Land zahlt 3,4 Millionen Euro

Dabei nimmt das Land kräftig Geld in die Hand. Von insgesamt rd. 5,7 Millionen Euro Fördermittel im Jahr 2014 kamen etwa 3,4 Millionen aus dem Landhaus in Bregenz. Unterstützt werden die Alpen auch bei der Finanzierung des Personals. Rund 1000 Hirten kümmern sich in den Sommermonaten um das Vieh. Die meisten sind Familienmitglieder. Etwa 400 verdienen einen Lohn. Die Sozialversicherungskosten in der Höhe von zuletzt 330.000 Euro hat das Land Vorarlberg übernommen.

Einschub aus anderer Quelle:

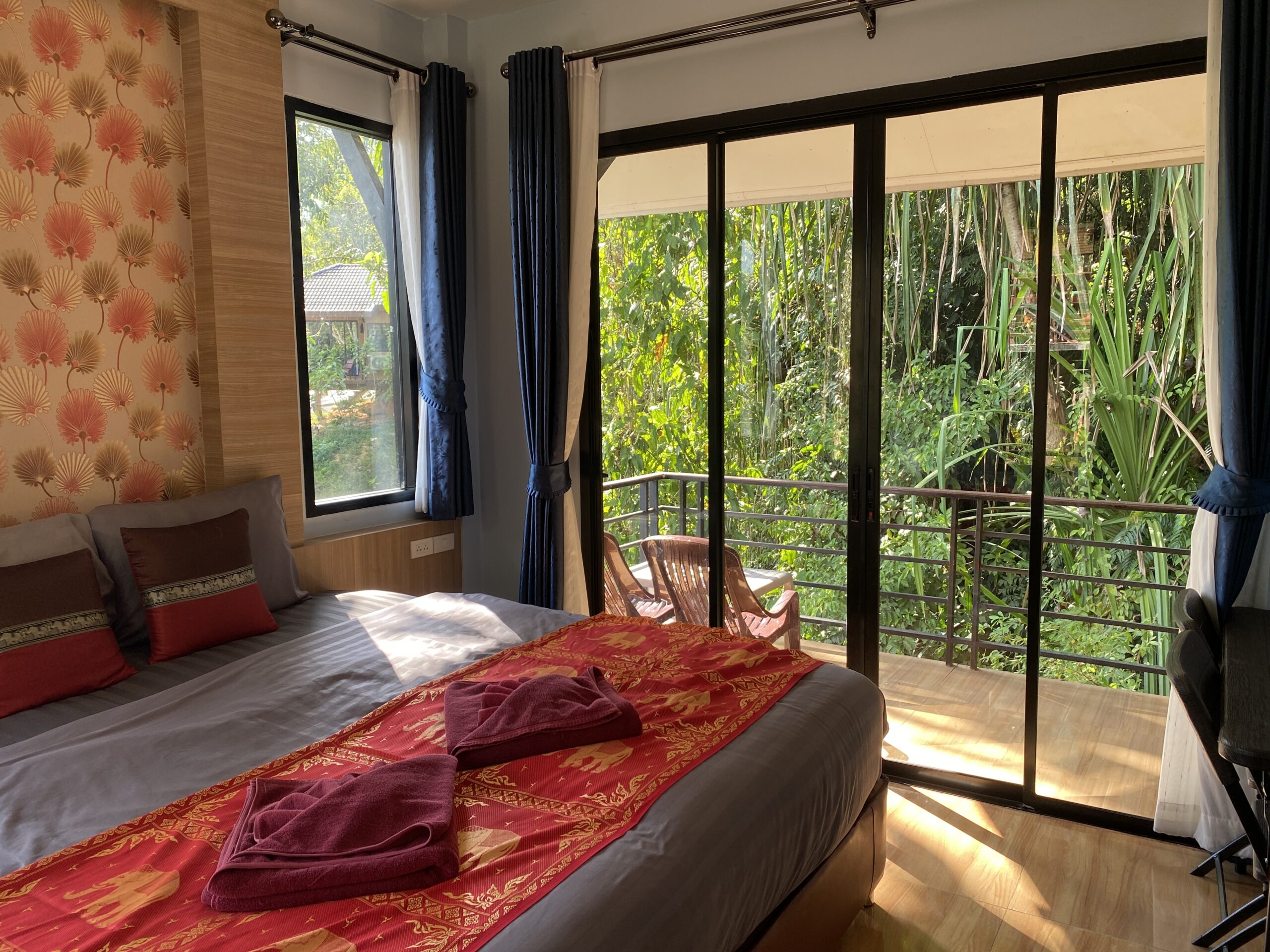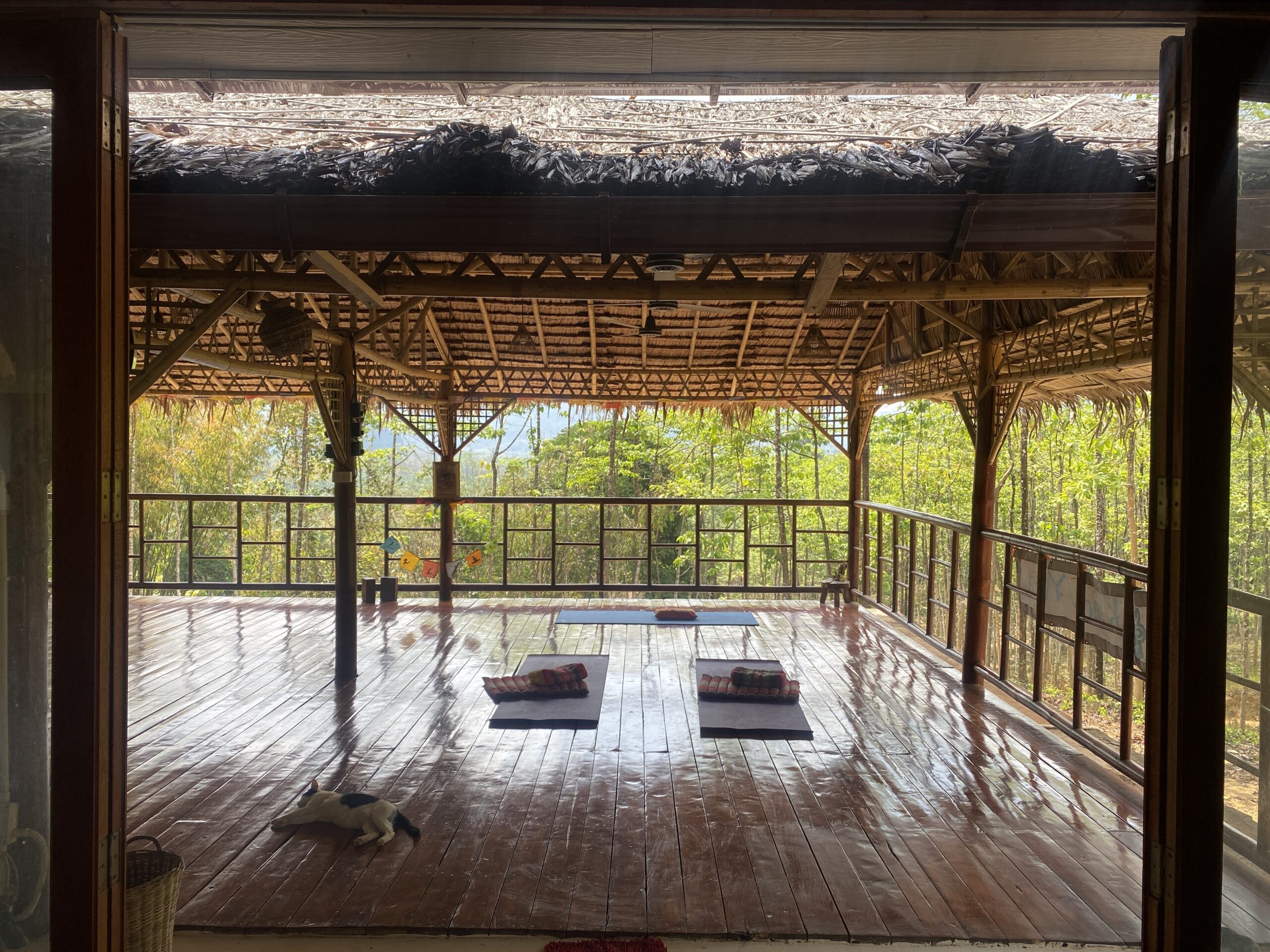 Nach einer kurzen Rast auf unserem Balkon, der einen wundervollen Blick in den Regenwald und die dort lebenden Affen bietet, kamen wir auf unseren Plan B für den heutigen Tag. Schnell und unkompliziert konnten wir per WhatsApp und Paypal (14€ p. P.) ein Meditationskurs im nahegelegenen Khaosok Yoga buchen. Eine Stunde später machten wir uns auf einen 40 minütigen Spaziergang zu dem Yogastudio. Wir wurden freundlich begrüßt und saßen auch direkt auf der Yogamatte und bekamen eine Einführung in den buddhistischen Lebensstil und Glauben und natürlich in die Theorie der Meditation. Der Ausblick von der offenen Terrasse auf die Landschaft sind es schon wert hier hinzukommen. 30 Minuten stille Meditation im Sitze, eine vertiefte Wahrnehmung, aber auch ein eingeschlafenes Bein später wusste ich, meditieren ist nichts für Weicheier. Weitere 15 Minuten Meditation im Gehen und einem fest verankerten Mantra „Phu ththo“ später, konnten wir unsere Meditationsklasse abschließen.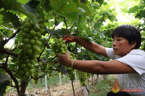 9月20日,睢阳区闫集镇西街村葡萄园内,种植户在采摘“阳光玫瑰”葡萄。“阳光玫瑰”葡萄具有清甜爽脆、香味浓郁等特点,比较受市场欢迎。该园的“阳光玫瑰”葡萄自6月份成熟以来,销售十分火爆,小小的葡萄成为该村群众的“致富果”。本报融媒体记者 邢 栋 摄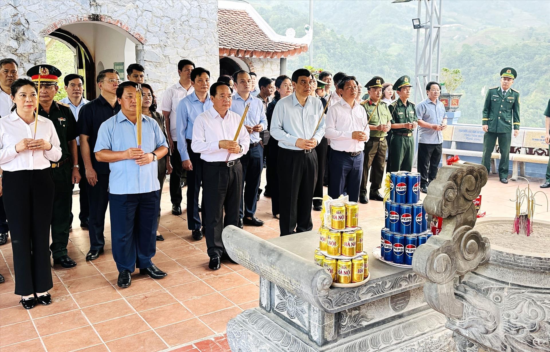 Đồng chí Trịnh Văn Quyết, Ủy viên Bộ Chính trị, Bí thư Trung ương Đảng, Trưởng Ban Tuyên giáo và Dân vận Trung ương cùng đoàn công tác dâng hương, viếng các Anh hùng liệt sĩ tại Đền thờ các Anh hùng Liệt sĩ mặt trận Vị Xuyên tại điểm cao 468, xã Thanh Thủy. Ảnh: Đức Thọ - TTXVN
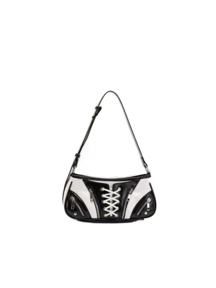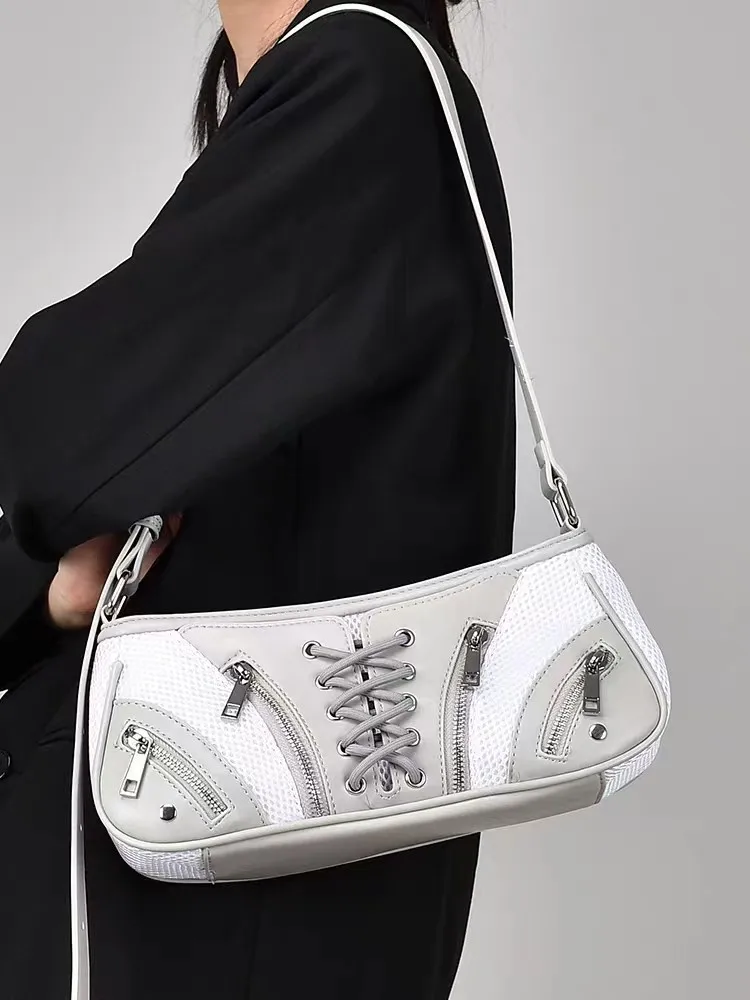 Новинка 2023, сумка для подмышек острых девушек, универсальная модная мотоциклетная сумка на одно плечо со скошенными лямками, черно-белая Милая крутая Сумка G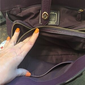 Good preowned condition, gorgeous eggplant color in pebbled leather. No strap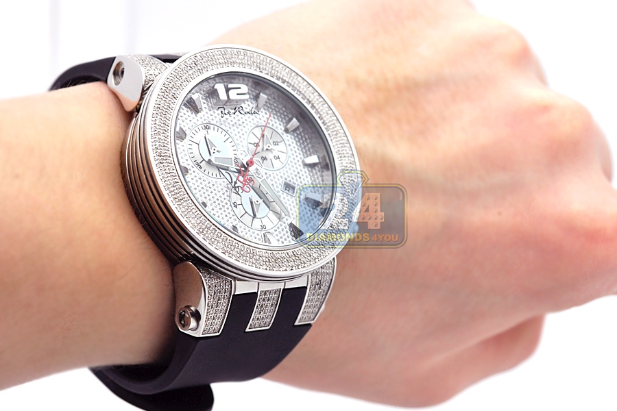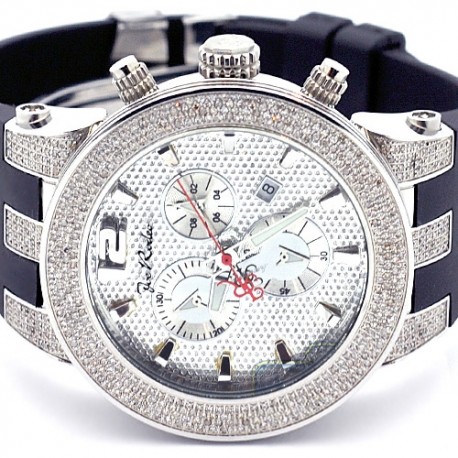 Get this magnificent diamond watch for men by Joe Rodeo JRBR2 from Broadway collection. It has pave dial with silver sub-dials, stainless steel case and bezel, encrusted with genuine white diamonds totaling 5.00 carats. The watch has genuine black rubber band, and comes with two extra straps of different colors. For accurate time, it features high-quality Swiss quartz movement with chronograph and date functions. 24diamonds.com is official dealer of Joe Rodeo, so you will get 1-year factory warranty and professional after-warranty service. Please check the video below for more details.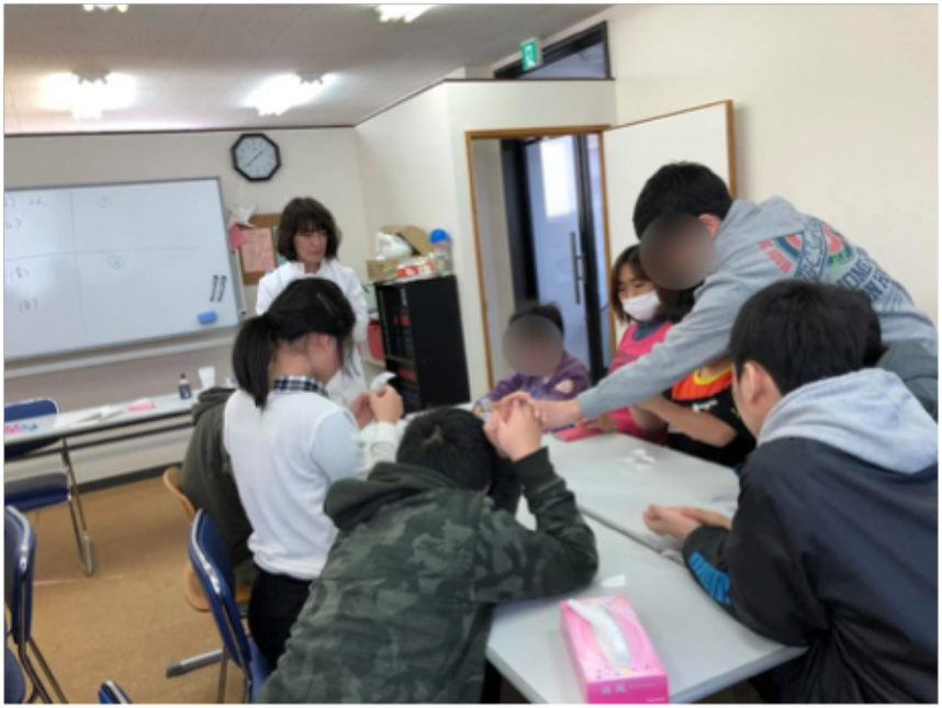 フリースクールを訪れた当初、子どもたちには笑顔もなく、下向き加減で目線を合わすこともできません。マスクで顔を覆い、目しか見えない子どもいます。
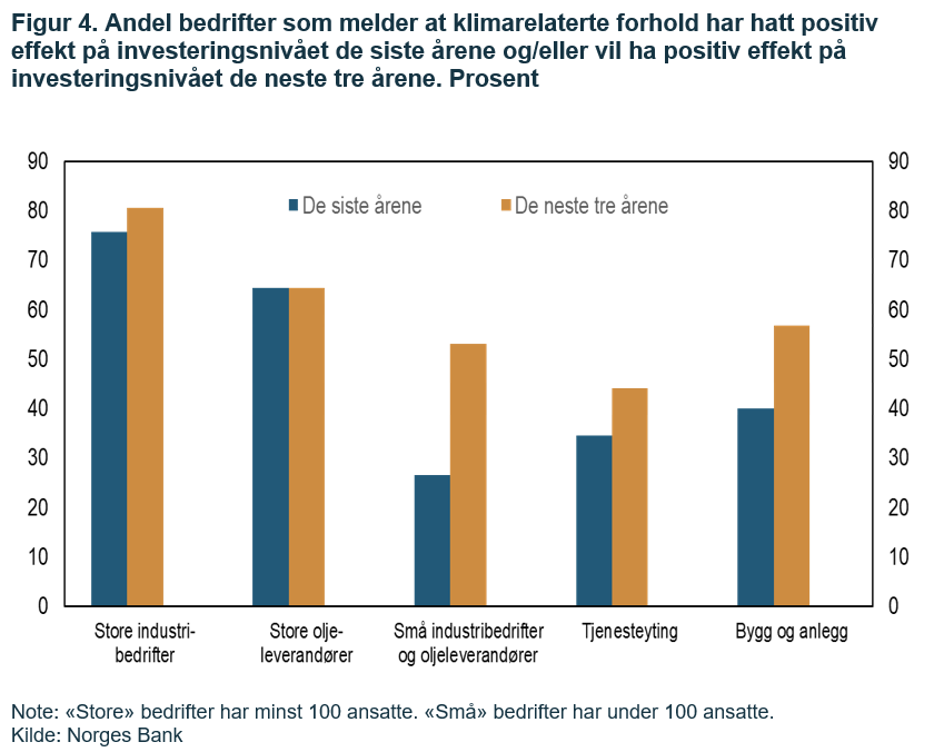 Bedriftene sier imidlertid at klimaomstillingen gir økte investeringer (i egen bedrift) samlet sett. Over 40 prosent av dem sier at klimaomstillingen har ført til høyere samlede investeringer de siste årene, og over 50 prosent sier at klimarelaterte forhold vil ha positiv effekt på de samlede investeringene i 2023 til 2025. Kun 1½ prosent av bedriftene oppgir at investeringene dempes av klimarelaterte forhold i denne perioden.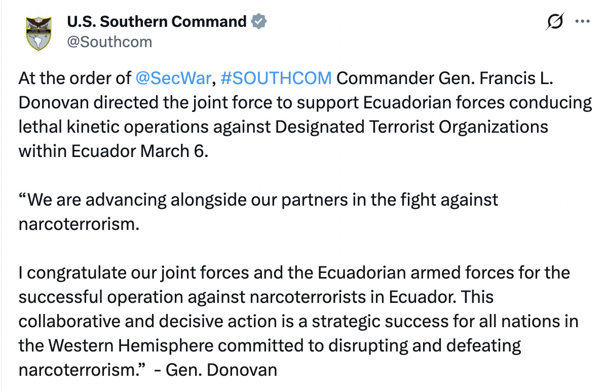 Overnight, the U.S. military carried out a targeted strike in Ecuador alongside Ecuadorian forces against a narco-terrorist supply complex, part of a broader campaign to dismantle drug trafficking networks in the region. U.S. Southern Command said the operation involved lethal action against designated terrorist organizations at Ecuador’s request, while Defense Secretary Pete Hegseth confirmed the strike and said more operations were likely as the U.S. expands efforts with regional partners to disrupt narco-terrorism across the Western Hemisphere.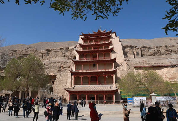 游客在世界文化遺產敦煌莫高窟游覽。張曉亮攝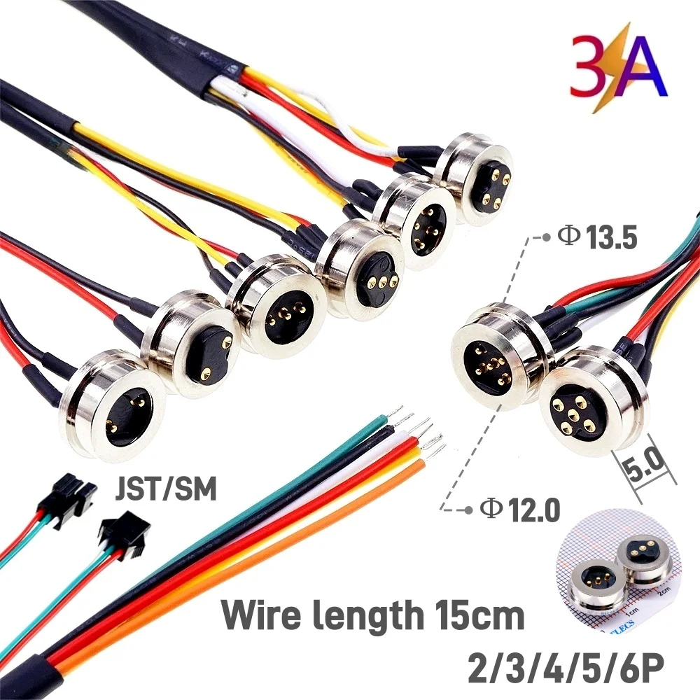 Magnetic Circular PogoPin Connector 2A Male Female Metal Spring Loaded 1/2/3/4/5/6 Pin DC Power Charger Wire JST SM Gold Plated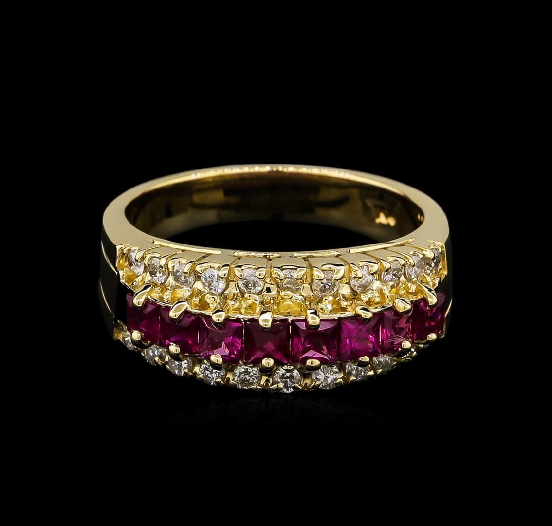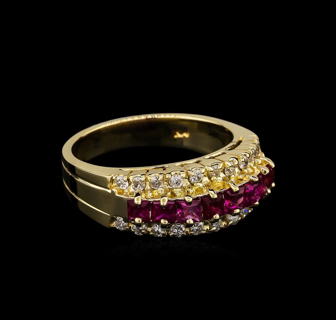 One polished, stamped, and tested 14KT yellow gold ring mounted with: 8 genuine rubies weighing 0.80ct, and 22 genuine round diamonds weighing 0.31ct. This item weighs 5.40 grams, condition is new, very good workmanship. AIGL Appraised at $3,188.00.
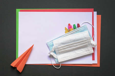 Color papers, crayons, paper plane and medical face mask. Top view. Back to school during covid-19 concept.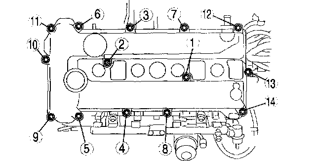 Caution: Install the cylinder head cover within 10 minutes of applying the silicone sealant.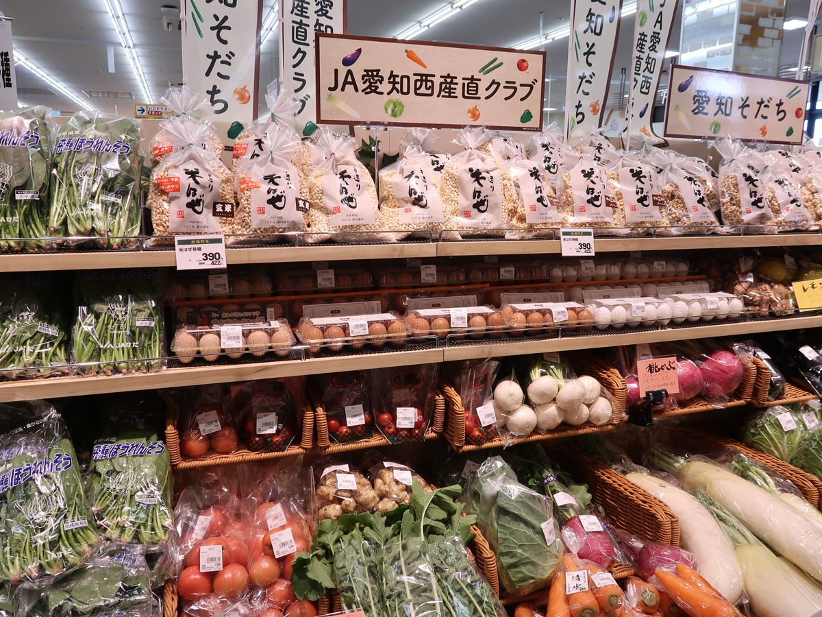 青果は、JA愛知西産直クラブの地場野菜コーナーを設置。「店長厳選得価」で価格に敏感な層にもアピールする。
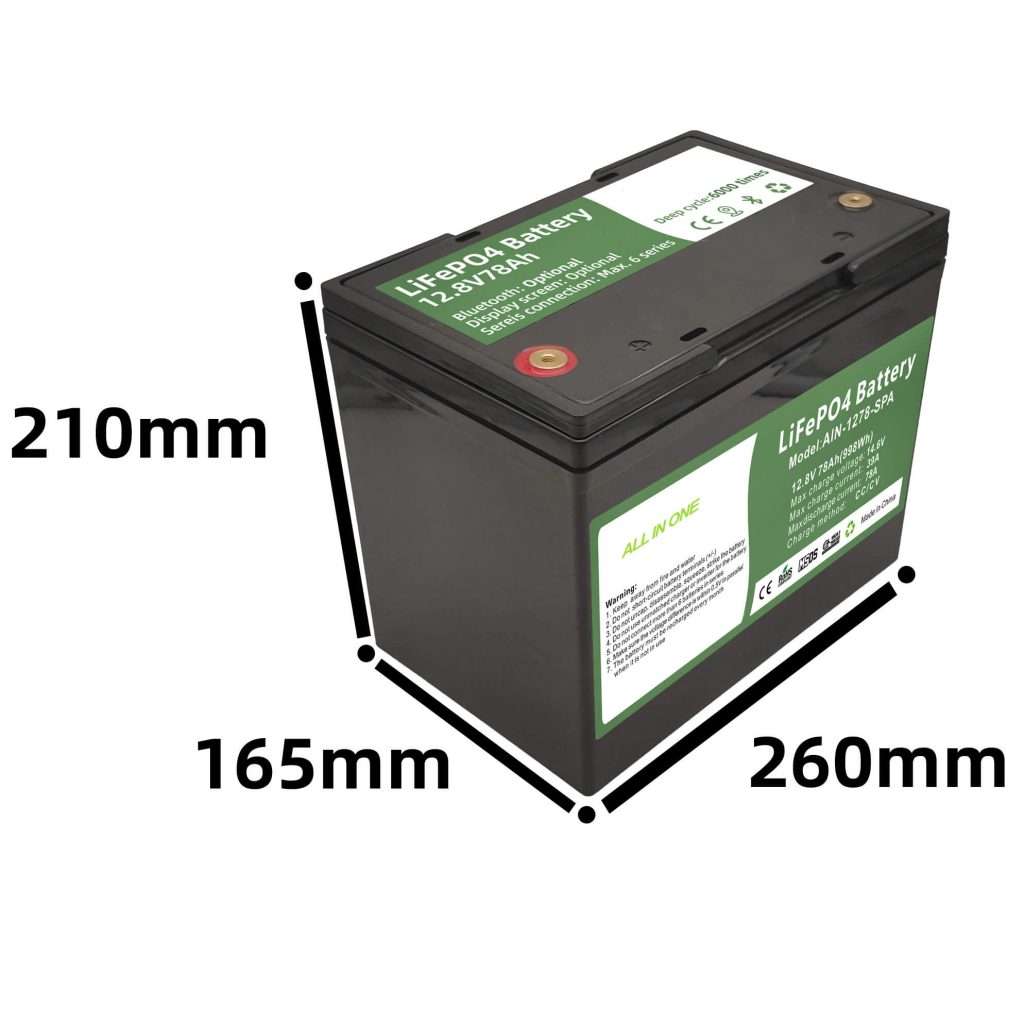 AIN-12150-2P4B | 12.8V | 150Ah | 75A | 150A | 530*208*215 | 17.0 | Plastic Black |

Ein Drittel der heimischen Kühe wird auf Alpen gesömmert. Die negativen Auswirkungen der Milchquote machen eine gute Leistungsabgeltung noch wichtiger, sagt Landesrat Schwärzler. Heuer sei ein Übergangsjahr. Danach müsse man schauen, wie die Ausfälle an EU- und Bundesmitteln mit Geld aus dem Land kompensiert werden können. „Wir brauchen einen regionalen Spielraum für die Gestaltung der Ländle-Agrarpolitik und damit der Alpwirtschaft.“

Nachbarkühe fehlen

Ein Drittel der erwarteten 40.000 Tiere ist bereits auf den Alpen. Wie viele am Ende heuer tatsächlich in Vorarlberg gesömmert werden, ist noch nicht ganz klar. Es werden wohl weniger sein als in den letzten Jahren. Das hat auch damit zu tun, dass Liechtensteiner und Schweizer Behörden noch immer vor einer Tuberkulose-Ansteckung in Vorarlberg warnen. Den Landwirten drohen hohe Kosten. Dabei haben die flächendeckenden TBC-Tests zuletzt gezeigt, dass die Tierbestände TBC-frei sind, so Schwärzler. Dass die Behörden in den Nachbarländern in den Krisengebieten noch abwarten wollen, dafür habe er Verständnis. Nicht nachvollziehbar sei, dass die Warnung für alle Ländle-Alpen gelte.

Das Ausbleiben der Nachbarkühe verschärft die Situation um die Bewirtschaftung der Alpen weiter. Es sei auch mittelfristig nicht damit zu rechnen, dass alle zurückkommen, meint Schwärzler.

Der Viehbestand auf den Alpen wird zurückgehen.